Personally, I am happy to accept the measurements of spectrometers, etc, as the more appropriate way to measure the composition of the Moon and hence show directly that it doesn’t taste of cheese, just as I am prepared to accept interferometric measurements of distance as the appropriate way to measure directly the very small effects of Lorentz contraction in the laboratory.
The fact that no-one has used a meter rule to do so may well be true, but it is entirely uninteresting as using a meter rule to measure such a distance is no more “direct” a measurement than using interferometry, just as the fact that no-one has actually tasted Moon rock may well be true, but is uninteresting because tasting Moon rock is no more “direct” a measure of its cheesiness than using a mass spectrometer.
Was that spelled out explicitly enough this time?

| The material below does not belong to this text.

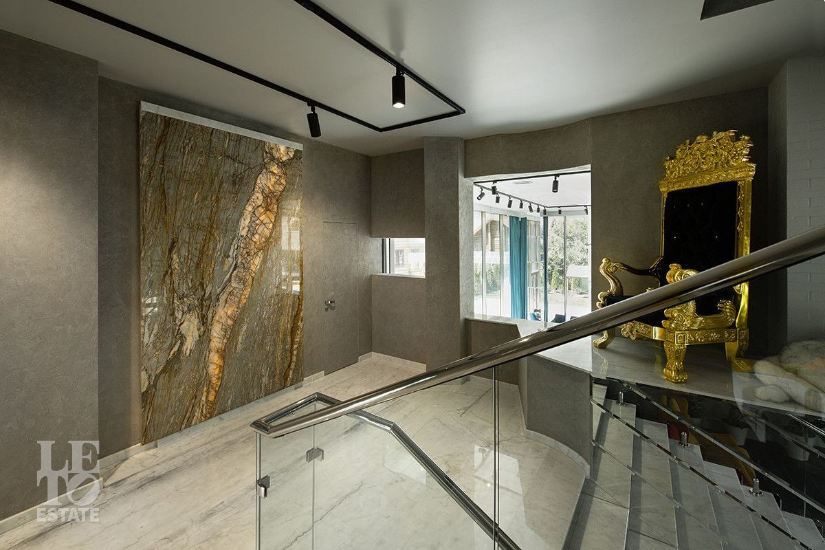 Второй этаж - холл с выходом на открытую террасу, мастер-спальня со своей ванной комнатой и гардеробной, спальня "Барселона" состоящая из рабочей и спальной частей со своим санузлом, спальня "Мексика" со своим санузлом, спальня "Крым" со своим санузлом, спальня "Париж" со своей ванной комнатой и гардеробной, спальня "Тайланд" со своим санузлом.

Well Mike et al, maybe we can gracefully wrap this one as follows: First, again, I was referring simply to whether Lorentz contraction had been “directly” measured in the strictest way as a matter of historical interest, not whether it needed to be to warrant our belief, whether practical or not, etc. Claims per se shouldn’t be harried over extraneous matters; such matters should be made as side points. As for whether interferometer measurements should count as “direct”: Sure, once we are assured of the Einstein postulate about light speed constancy. But as I said, the null result of the MM experiment could of course in principle have derived from Galilean behavior of light propagation. So, accepting interferometer results depends on “auxiliary assumptions”, warranted as they may be. It could be a matter of semantics in philosophy of science whether that can be called “direct,” maybe we can just say it’s a judgment call depending on how anal retentive one is.

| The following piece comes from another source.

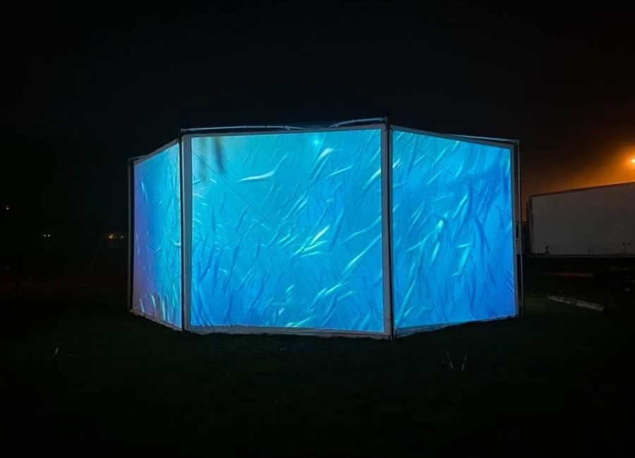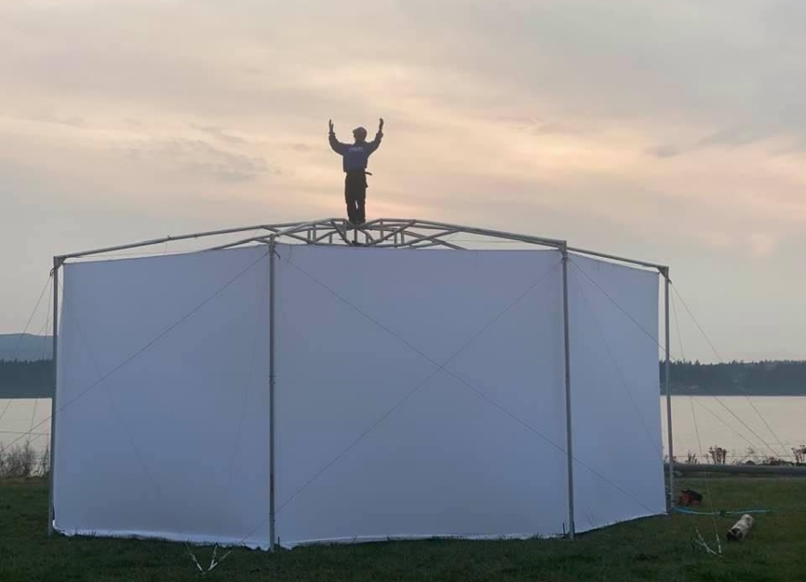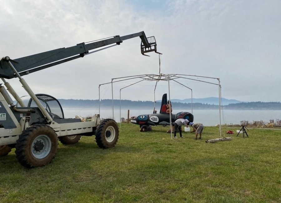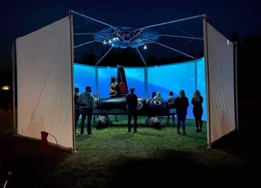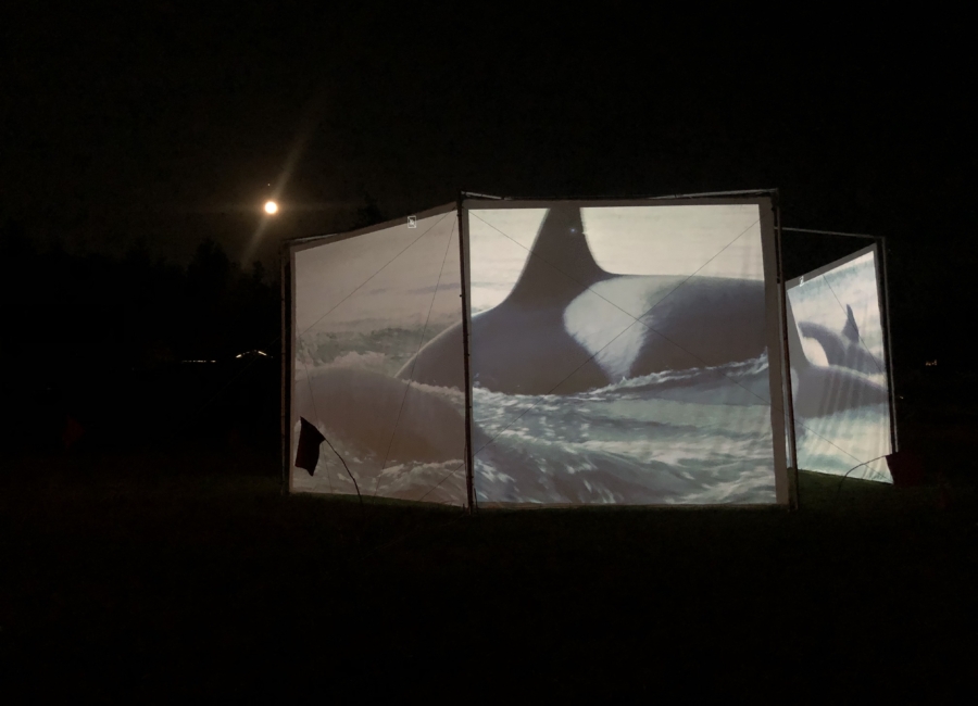 This weekend we debuted our new traveling, outdoor exhibition and IMAX-style film projection venue, with a presentation of “Whale People: Protectors of the Sea“, featuring a 3,000 pound killer whale totem and an award-winning film that tells the story of the environmental emergency through the figure of the orca.

In any case, here’s a quote from one of the top physicists in the field. He supports my position exactly and the situation hasn’t changed since then:
“It is an amazing fact that there does not seem to exist any direct or simple experimental verification of the Lorentz-Fitzgerald contraction. There is no reason whatever to doubt that the effect exists, precisely as called for by theory. So far, nevertheless, the difficulties – (1) of securing an object of appreciable length that moves with a speed comparable to that of light and, (2) of determining two events, one at either end, which are simultaneous for the observer – have proved insuperable. This very fundamental conclusion of the theory awaits actual proof.”
Albert Shadowitz, Special Relativity, 1968, p. 168 of Dover paperback.
The only problem with asking a famous physicist is that he is unlikely to have ever traveled anywhere sufficiently relativistically to be in with a shot of whipping his ruler out to measure Lorentz contraction. Surely, more productive to seek the views of a cosmic ray muon, whom you would never have met at all if he hadn’t just “directly” measured the Lorentz contraction of the Earth’s atmosphere as it flew past him.